● Exercise
Using the listing below, set down each line from the line containing "Dog Cat Car" through the line containing "さっきパスタかと思ったうどん", both ends included, exactly and with nothing added.

● Input material
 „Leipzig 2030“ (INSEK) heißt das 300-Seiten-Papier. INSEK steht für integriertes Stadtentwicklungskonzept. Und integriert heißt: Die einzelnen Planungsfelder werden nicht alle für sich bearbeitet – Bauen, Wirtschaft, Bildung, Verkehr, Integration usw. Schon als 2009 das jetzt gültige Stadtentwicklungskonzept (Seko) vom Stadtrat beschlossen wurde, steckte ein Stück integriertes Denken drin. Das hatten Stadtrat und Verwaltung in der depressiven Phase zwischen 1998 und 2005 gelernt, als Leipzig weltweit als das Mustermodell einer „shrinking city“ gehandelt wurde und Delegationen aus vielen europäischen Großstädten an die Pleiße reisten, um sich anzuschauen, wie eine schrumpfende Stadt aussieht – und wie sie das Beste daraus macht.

--

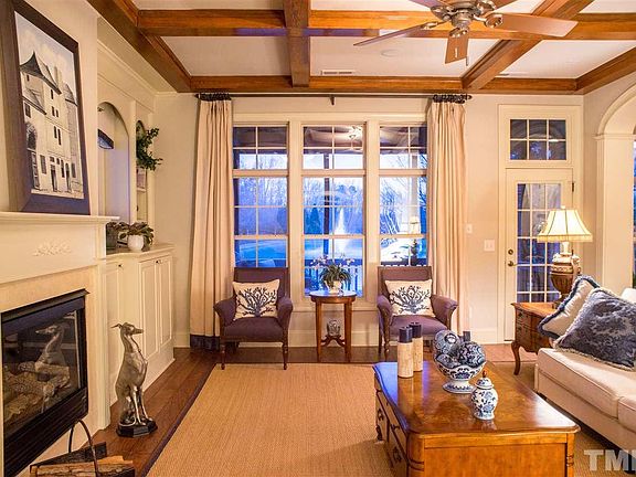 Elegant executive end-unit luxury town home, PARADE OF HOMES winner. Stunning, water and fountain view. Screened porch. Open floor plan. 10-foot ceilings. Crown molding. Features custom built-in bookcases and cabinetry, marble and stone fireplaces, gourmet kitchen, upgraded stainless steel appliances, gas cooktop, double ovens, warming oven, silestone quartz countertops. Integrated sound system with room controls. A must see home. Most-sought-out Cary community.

...

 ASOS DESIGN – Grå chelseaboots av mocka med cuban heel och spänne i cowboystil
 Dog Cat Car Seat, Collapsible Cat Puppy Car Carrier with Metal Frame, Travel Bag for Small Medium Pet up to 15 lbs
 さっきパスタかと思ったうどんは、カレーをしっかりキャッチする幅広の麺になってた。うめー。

● Answer section
 Dog Cat Car Seat, Collapsible Cat Puppy Car Carrier with Metal Frame, Travel Bag for Small Medium Pet up to 15 lbs
 さっきパスタかと思ったうどんは、カレーをしっかりキャッチする幅広の麺になってた。うめー。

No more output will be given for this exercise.